Problem
Only a number is wanted: how many lines of the entries include the string "Leather"?

Data supplied
########

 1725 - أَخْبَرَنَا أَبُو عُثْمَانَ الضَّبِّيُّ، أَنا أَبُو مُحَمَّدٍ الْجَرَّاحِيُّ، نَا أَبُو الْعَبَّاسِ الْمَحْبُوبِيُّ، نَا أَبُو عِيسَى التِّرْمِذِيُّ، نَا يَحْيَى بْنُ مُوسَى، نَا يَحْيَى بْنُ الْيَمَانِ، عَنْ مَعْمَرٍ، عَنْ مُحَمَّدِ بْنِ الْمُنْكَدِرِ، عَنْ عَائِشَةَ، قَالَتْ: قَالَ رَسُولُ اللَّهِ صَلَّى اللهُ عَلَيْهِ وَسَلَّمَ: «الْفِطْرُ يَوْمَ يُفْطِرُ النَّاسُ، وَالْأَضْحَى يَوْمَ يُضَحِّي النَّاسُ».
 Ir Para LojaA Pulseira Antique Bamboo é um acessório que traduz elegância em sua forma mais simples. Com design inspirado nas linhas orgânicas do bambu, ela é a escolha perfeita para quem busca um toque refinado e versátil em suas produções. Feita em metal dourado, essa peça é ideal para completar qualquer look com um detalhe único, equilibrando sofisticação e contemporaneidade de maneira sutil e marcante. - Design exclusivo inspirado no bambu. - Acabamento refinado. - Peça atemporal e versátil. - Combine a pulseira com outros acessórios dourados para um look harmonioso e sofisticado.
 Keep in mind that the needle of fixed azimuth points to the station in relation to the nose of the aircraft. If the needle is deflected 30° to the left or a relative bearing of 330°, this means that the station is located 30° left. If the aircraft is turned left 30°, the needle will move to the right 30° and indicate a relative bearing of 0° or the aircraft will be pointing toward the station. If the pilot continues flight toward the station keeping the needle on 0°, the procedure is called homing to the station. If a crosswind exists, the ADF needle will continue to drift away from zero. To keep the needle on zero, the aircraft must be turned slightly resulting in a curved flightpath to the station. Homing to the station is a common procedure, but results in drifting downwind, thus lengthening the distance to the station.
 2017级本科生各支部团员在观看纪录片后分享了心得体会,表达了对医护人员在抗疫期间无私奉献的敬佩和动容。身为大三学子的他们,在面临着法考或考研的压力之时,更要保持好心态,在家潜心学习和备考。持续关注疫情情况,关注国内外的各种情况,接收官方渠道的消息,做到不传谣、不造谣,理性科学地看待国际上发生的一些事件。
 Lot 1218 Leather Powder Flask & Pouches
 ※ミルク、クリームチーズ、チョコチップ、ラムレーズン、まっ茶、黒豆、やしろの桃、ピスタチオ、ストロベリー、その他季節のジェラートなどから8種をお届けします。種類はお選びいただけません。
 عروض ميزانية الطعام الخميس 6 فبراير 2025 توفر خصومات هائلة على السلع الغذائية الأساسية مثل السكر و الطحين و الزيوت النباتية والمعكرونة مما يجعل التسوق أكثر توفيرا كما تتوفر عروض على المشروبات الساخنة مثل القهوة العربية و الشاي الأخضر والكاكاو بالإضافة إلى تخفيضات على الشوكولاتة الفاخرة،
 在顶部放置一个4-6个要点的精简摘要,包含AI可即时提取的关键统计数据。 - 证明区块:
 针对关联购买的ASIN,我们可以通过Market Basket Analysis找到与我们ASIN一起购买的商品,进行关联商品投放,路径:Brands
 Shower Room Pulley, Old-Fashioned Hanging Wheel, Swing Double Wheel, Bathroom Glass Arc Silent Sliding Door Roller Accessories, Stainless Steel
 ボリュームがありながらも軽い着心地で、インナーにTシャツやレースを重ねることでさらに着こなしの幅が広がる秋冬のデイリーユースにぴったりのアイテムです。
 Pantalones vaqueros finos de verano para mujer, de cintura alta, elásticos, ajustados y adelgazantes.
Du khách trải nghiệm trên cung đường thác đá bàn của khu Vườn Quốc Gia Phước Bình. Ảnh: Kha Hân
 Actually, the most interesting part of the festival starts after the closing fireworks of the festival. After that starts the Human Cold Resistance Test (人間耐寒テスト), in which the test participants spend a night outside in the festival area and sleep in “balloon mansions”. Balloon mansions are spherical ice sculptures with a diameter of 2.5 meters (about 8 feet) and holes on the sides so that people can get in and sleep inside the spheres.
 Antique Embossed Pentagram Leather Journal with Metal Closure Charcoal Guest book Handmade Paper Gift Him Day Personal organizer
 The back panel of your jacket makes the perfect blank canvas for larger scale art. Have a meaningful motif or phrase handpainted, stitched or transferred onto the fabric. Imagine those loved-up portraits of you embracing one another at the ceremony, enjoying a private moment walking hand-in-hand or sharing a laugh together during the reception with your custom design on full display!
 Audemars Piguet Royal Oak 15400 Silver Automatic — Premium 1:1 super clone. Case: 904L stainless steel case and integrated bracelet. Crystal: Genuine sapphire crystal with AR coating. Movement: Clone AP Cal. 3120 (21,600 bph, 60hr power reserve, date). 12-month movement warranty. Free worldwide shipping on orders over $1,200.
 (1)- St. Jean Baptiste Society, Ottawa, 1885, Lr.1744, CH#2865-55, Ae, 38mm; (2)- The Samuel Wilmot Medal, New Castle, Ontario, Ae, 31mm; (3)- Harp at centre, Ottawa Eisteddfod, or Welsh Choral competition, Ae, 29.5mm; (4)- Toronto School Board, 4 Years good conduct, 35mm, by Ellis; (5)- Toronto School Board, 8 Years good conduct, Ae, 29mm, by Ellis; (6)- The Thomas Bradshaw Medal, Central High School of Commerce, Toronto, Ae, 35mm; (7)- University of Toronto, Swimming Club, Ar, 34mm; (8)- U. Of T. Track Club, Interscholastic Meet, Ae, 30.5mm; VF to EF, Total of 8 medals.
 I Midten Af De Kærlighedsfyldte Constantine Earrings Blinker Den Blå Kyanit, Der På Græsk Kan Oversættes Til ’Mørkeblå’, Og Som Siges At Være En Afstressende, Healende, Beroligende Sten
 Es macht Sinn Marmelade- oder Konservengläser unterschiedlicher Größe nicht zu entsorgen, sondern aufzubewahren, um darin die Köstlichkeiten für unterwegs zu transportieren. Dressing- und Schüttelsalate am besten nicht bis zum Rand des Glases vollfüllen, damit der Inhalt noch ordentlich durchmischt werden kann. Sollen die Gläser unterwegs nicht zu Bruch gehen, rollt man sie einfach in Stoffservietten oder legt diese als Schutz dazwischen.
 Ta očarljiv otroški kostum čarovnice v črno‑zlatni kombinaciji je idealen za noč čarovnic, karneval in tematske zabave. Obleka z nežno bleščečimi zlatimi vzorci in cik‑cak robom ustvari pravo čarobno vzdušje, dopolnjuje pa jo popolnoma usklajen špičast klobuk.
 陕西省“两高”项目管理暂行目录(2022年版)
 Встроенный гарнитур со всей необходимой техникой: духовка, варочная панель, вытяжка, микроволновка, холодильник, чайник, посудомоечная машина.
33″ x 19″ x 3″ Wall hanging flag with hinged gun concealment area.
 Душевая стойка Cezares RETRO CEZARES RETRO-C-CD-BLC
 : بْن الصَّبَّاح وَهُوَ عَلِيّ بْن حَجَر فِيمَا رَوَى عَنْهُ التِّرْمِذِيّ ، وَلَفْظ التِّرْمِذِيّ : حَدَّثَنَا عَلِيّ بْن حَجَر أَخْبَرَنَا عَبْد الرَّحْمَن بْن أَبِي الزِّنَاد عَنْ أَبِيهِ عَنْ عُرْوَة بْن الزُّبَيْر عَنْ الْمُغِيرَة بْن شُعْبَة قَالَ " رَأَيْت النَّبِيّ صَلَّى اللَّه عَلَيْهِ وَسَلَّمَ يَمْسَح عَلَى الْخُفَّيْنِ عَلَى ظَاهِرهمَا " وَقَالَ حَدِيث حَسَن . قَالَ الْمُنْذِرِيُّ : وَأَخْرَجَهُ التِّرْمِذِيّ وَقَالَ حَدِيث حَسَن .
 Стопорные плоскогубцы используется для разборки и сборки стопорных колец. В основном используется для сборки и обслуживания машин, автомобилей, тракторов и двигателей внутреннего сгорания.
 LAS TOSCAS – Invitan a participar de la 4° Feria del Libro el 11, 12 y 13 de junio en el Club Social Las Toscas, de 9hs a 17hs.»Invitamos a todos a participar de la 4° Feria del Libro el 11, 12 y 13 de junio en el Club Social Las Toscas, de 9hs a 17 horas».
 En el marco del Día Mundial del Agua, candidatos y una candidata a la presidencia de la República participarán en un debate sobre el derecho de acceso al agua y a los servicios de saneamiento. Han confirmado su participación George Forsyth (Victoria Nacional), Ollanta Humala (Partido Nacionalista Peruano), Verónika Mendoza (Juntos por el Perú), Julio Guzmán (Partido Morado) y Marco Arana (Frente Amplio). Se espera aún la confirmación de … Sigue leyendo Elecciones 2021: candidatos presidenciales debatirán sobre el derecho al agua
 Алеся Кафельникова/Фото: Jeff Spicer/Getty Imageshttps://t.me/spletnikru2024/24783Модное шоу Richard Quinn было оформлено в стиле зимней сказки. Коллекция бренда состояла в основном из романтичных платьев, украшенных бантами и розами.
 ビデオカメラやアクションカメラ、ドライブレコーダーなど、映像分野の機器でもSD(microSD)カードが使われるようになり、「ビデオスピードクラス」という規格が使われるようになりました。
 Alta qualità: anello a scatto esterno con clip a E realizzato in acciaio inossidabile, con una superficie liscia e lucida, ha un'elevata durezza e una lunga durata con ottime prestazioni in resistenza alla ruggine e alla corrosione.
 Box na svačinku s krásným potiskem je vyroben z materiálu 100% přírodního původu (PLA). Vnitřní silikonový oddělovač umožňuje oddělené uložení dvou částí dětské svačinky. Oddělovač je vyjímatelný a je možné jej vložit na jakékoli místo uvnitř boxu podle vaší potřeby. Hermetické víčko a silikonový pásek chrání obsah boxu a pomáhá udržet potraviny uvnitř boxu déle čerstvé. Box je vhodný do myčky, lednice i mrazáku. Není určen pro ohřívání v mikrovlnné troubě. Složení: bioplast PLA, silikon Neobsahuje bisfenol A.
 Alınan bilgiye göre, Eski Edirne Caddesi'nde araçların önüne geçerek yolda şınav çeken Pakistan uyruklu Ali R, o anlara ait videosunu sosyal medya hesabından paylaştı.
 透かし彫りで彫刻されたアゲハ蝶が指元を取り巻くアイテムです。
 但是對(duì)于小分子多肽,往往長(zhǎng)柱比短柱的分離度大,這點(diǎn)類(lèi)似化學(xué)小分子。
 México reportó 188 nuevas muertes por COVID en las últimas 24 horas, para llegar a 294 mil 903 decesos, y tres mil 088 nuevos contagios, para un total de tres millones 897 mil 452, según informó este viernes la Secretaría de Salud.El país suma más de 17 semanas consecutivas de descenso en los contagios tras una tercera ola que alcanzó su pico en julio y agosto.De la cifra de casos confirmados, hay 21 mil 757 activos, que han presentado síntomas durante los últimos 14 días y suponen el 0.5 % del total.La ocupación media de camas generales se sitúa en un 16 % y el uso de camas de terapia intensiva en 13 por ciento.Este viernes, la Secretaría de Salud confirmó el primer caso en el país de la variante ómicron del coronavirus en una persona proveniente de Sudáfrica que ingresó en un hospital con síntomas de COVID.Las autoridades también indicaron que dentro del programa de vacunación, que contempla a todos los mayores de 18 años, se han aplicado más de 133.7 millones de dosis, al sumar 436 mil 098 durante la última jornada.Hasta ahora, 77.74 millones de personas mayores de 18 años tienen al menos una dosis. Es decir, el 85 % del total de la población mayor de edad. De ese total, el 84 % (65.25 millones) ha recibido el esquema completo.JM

########

Result of the exercise
2